▶ **Exercise requirements**:
Reproduce verbatim all of the data given below, but do not carry over the images.

▶ **Data extract**:

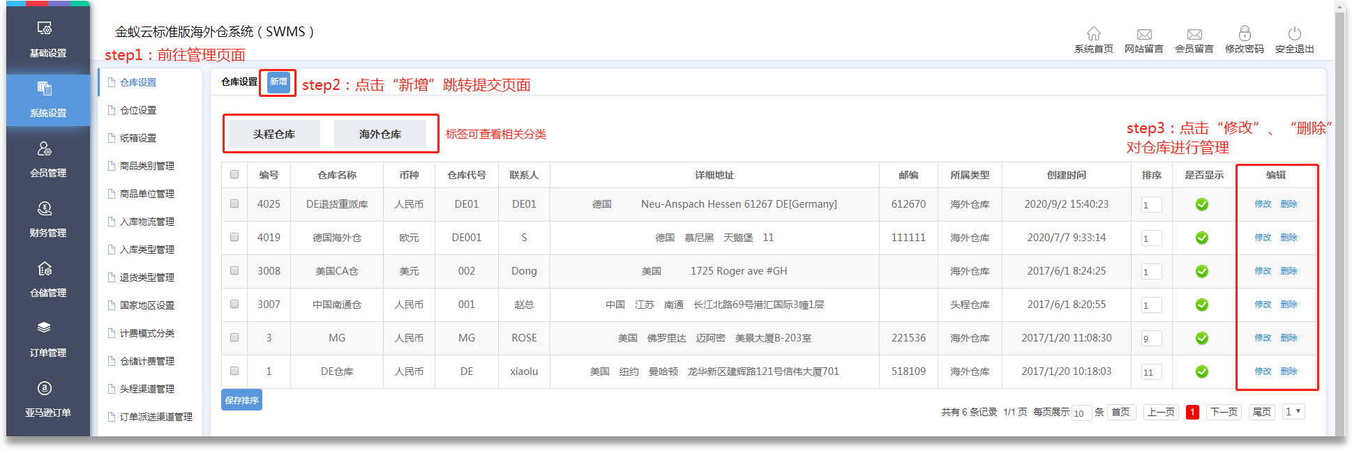 ·管理員可在【系統(tǒng)設(shè)置】-【倉庫設(shè)置】進(jìn)行倉庫的數(shù)字化管理,在【新增】時,需注意區(qū)分【頭程倉庫】和【海外倉庫】。
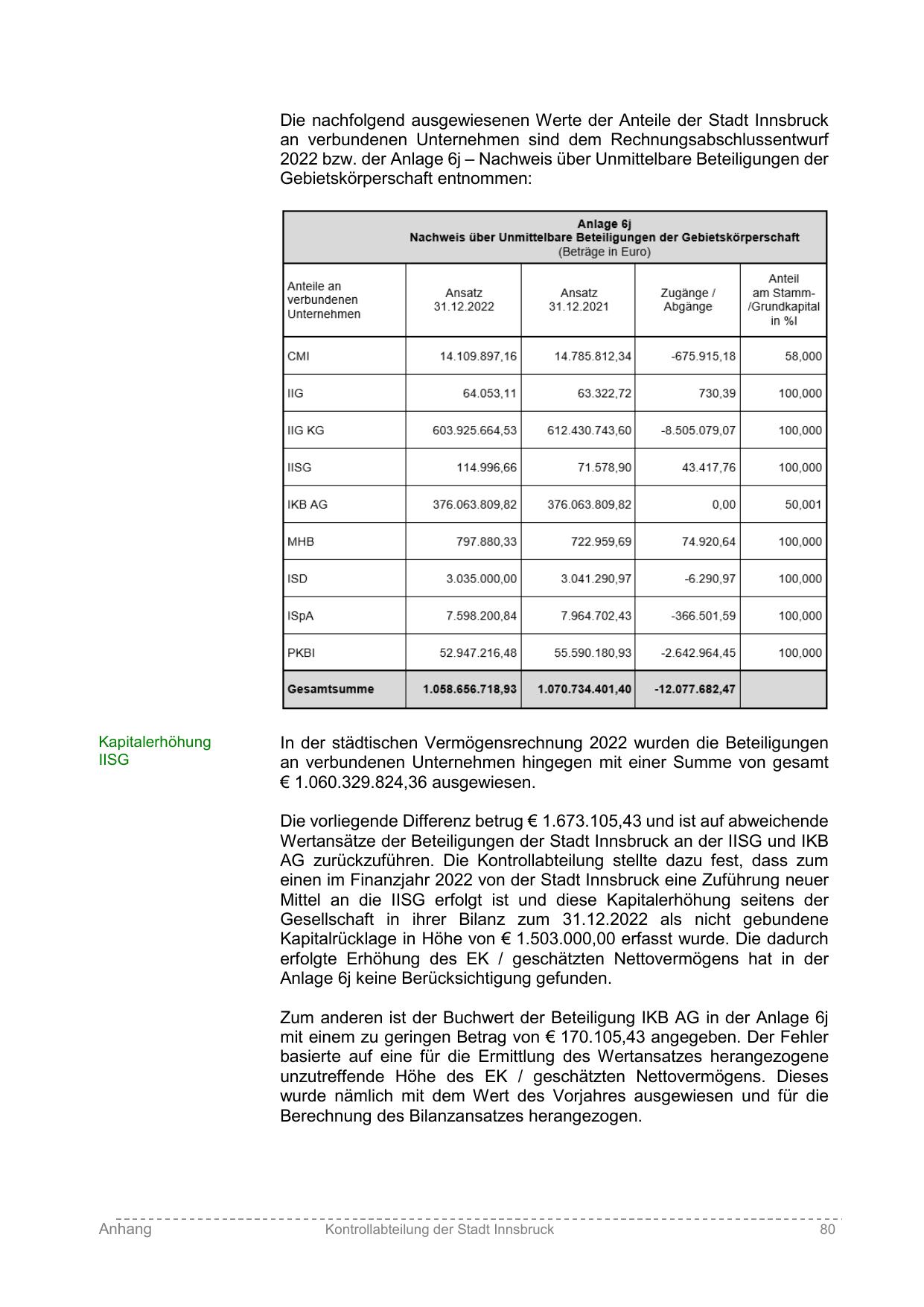 Wertansätze der Beteiligungen der Stadt Innsbruck an der IISG und IKB
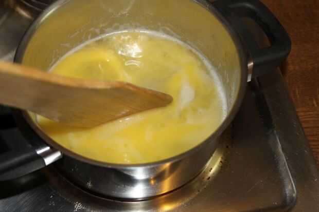Para la masa poner el agua a hervir en una olla pequeña la mantequilla o margarina. Cuando la ebullición y bien mezclado Retire la sartén del fuego
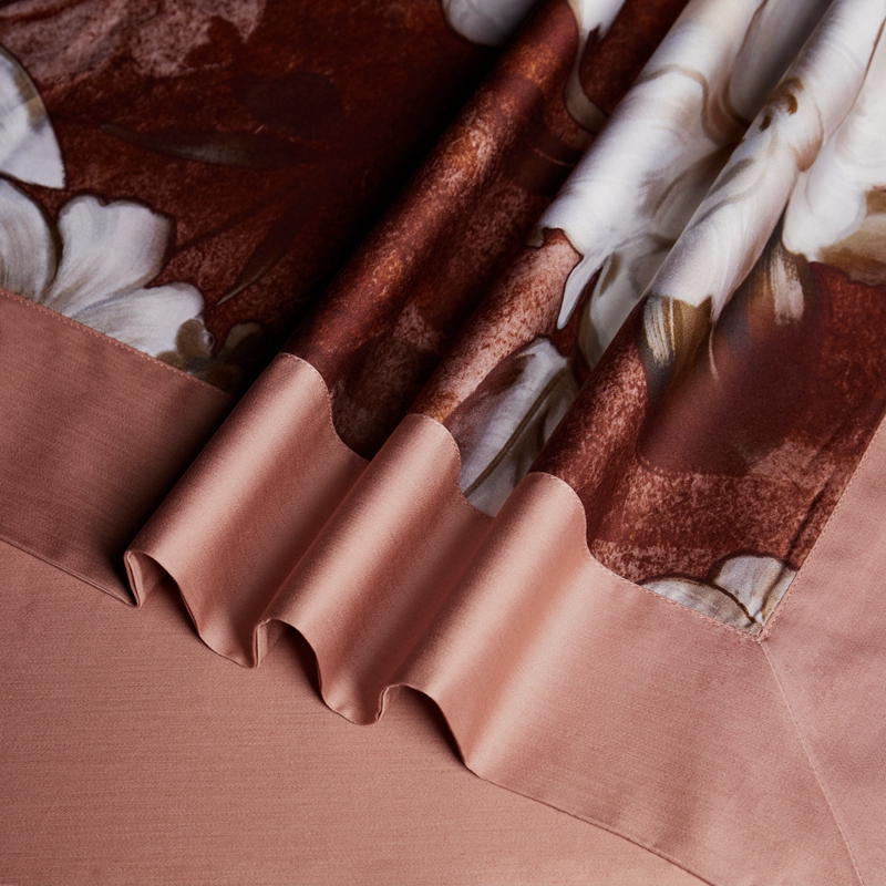 缔缦 2023新款100s长绒棉数码印花拼角款四件套系列-伊鲁特花园 伊鲁特花园 胭脂红

▶ **Completed exercise**:
 ·管理員可在【系統(tǒng)設(shè)置】-【倉庫設(shè)置】進(jìn)行倉庫的數(shù)字化管理,在【新增】時,需注意區(qū)分【頭程倉庫】和【海外倉庫】。
 Wertansätze der Beteiligungen der Stadt Innsbruck an der IISG und IKB
Para la masa poner el agua a hervir en una olla pequeña la mantequilla o margarina. Cuando la ebullición y bien mezclado Retire la sartén del fuego
 缔缦 2023新款100s长绒棉数码印花拼角款四件套系列-伊鲁特花园 伊鲁特花园 胭脂红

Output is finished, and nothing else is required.